我正在尝试 tensorflow“从头开始编写训练循环”中的代码,并自己进行了一些更改。我将损失函数从 SparseCategoricalCrossentropy 更改为 MeanSquaredError。我还通过添加新的 Lambda 层来进行损失计算来更改模型的架构。但是,我有没有为变量提供渐变的值错误。有什么方法可以使代码与 MSE 一起运行?

import numpy as np
import tensorflow as tf
from tensorflow import keras
from tensorflow.keras import layers

inputs = keras.Input(shape=(784,), name="digits")
x1 = layers.Dense(64, activation="relu")(inputs)
x2 = layers.Dense(64, activation="relu")(x1)
outputs = layers.Dense(10, name="predictions")(x2)
final_outputs = layers.Lambda(lambda x: tf.math.argmax(x, axis = -1))(outputs)
model = keras.Model(inputs=inputs, outputs=final_outputs)

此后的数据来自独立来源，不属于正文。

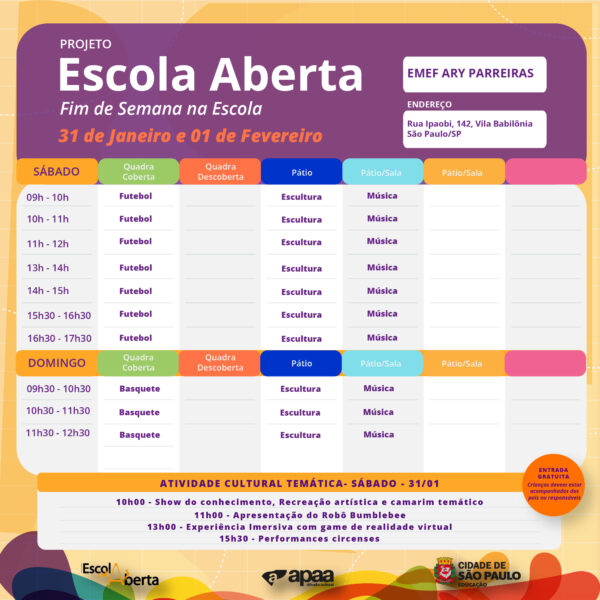 Confira a programação na EMEF – Ary Parreiras, para o próximo fim de semana.

# Instantiate an optimizer.
optimizer = keras.optimizers.SGD(learning_rate=1e-3)
# Instantiate a loss function.
loss_fn = keras.losses.MeanSquaredError()

# Prepare the training dataset.
batch_size = 64
(x_train, y_train), (x_test, y_test) = keras.datasets.mnist.load_data()
x_train = np.reshape(x_train, (-1, 784))
x_test = np.reshape(x_test, (-1, 784))

# Reserve 10,000 samples for validation.
x_val = x_train[-10000:]
y_val = y_train[-10000:]
x_train = x_train[:-10000]
y_train = y_train[:-10000]

# Prepare the training dataset.
train_dataset = tf.data.Dataset.from_tensor_slices((x_train, y_train))
train_dataset = train_dataset.shuffle(buffer_size=1024).batch(batch_size)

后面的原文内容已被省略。